The Book You Have to Read: James Preston Girard’s THE LATE MAN

When Patti Abbott asked me to contribute to her fine project, which rotates around various blogs every Friday, several books came to mind. But in the end, after I’d settled on the one I wanted to talk about, I realized I’d already written about it three and a half years ago. So forgive some cannibalization but when it comes to James Preston Girard‘s fabulous, neglected 1993 crime novel THE LATE MAN, what was once written bears repeating:

Simply
put, if there’s a book I want to emulate, copy, steal or whatever, THE LATE MAN
the one. The fact that it’s out of print also says a lot, but it could
be because literary thrillers are incredibly difficult to market,
especially when their publication date is now a dozen years old.
Running in the background is the once-dormant investigation of a serial
killer who places roses by each victim’s side that flares up once again
when a new victim is discovered.

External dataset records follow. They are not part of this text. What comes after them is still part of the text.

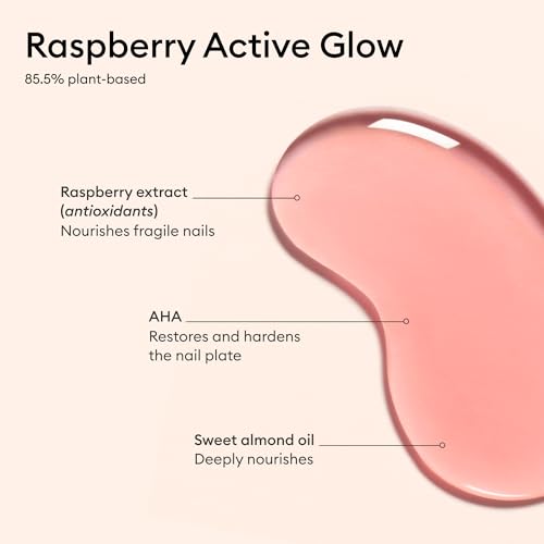 Active Glow Raspberry Quick Dry Nail Polish : Active Glow nail polish is a hybrid between treatment and makeup, this all-in-one perfecter delivers a mirror-bright glow. Bio-sourced at 85.5%, it regenerates and nourishes nails thanks to its formula enriched with blueberry extract and sweet almond oil. Makeup effect: peachy pink gloss with a mirror shine finish.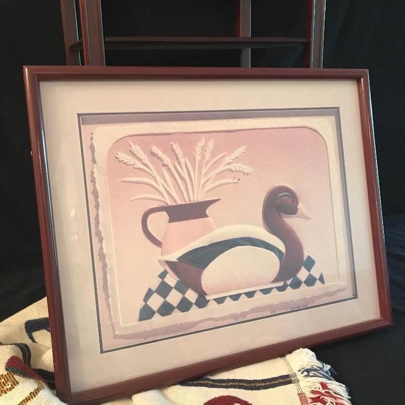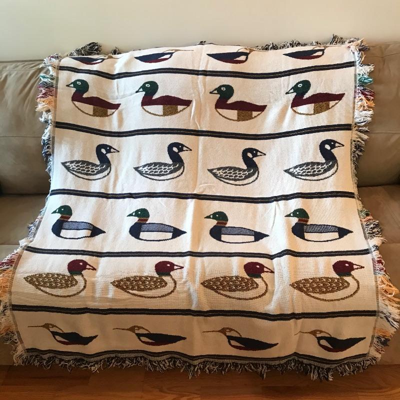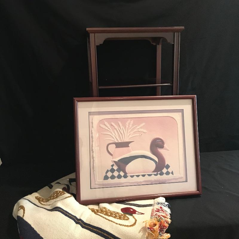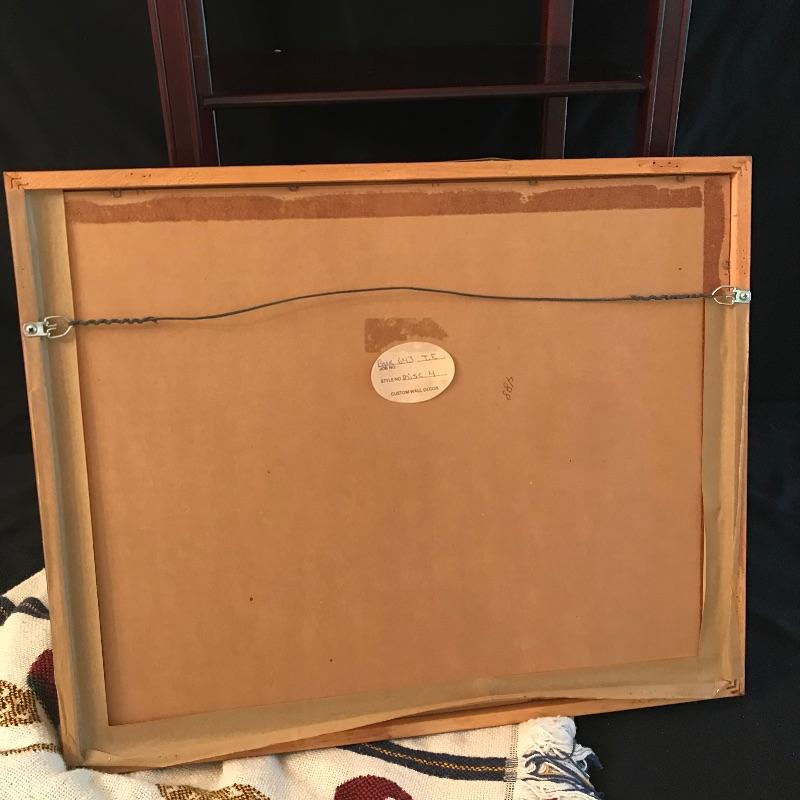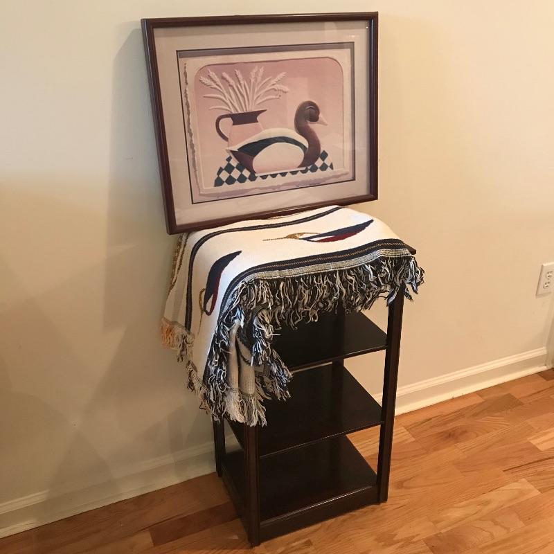 Perfect trio to add a splash of personality and color to your living room. First, another illusion style art print in a wooden frame. The art appears to have multiple layers at a glance. Upon further inspection, art and matting are all one print. The frame is wooden and has a tiny portion warped at the top, again, only noticeable when looking for it. We’ve included a nice 100% cotton couch throw and three tiered wooden table. The table is from the Bombay Company and appears to be solid wood, measuring 15” x 11” x 28.25”. The two shelves are set on dowels and all can be completely removed if you prefer. See photos. Local pick up only.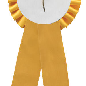 This classic yellow rosette is a bright and cheerful award option, perfect for competitions and special recognition. Designed with a rear hook for easy attachment, it features a 50mm centre that can be customised with your own logo or design. A traditional choice for schools, clubs, and community events.

Though there is a resolution, the book
is really about the lives and flaws of its three main protagonists:
police Captain L.J. Loomis, journalist Sam Haun (the “late man” because
he works the overnight shift at the paper) and rising star Stosh
Babicki.


Each
character wrestles with palpable demons, mostly to do with failing
relationships: Loomis has lost his wife to another man and misses her
and their children, whom he does not see, terribly. Haun’s wife Claire
and younger son are dead, and in its aftermath he chances upon Claire’s
diary, confessing in great detail to an affair with the newspaper’s
main boss. Who, at this time, is having his own affair with the
intelligent but impressionable Babicki. Is that affair a case of real
love, manipulation, or something in between? Babicki doesn’t really
know for sure, but, as she discovers, it’s a vise she must ungrip
herself from.

THE
LATE MAN is ultimately about loss of every kind, and Girard writes of
such things with an almost terrible knowledge; even if he didn’t know
about it personally, his characters do, and very well at that. Though
at times uncomfortable, the writing is so beautiful and understated
that the emotional heft packs a wallop. What’s also gripping is what is
left unspoken and unresolved; Girard doesn’t hit the reader over the
head with revelations and conclusions but allows them to find them out
of their own accord. It’s intelligent writing that’s extremely
well-done.

As for whom to tag next: Jenny Davidson, the baton has been passed.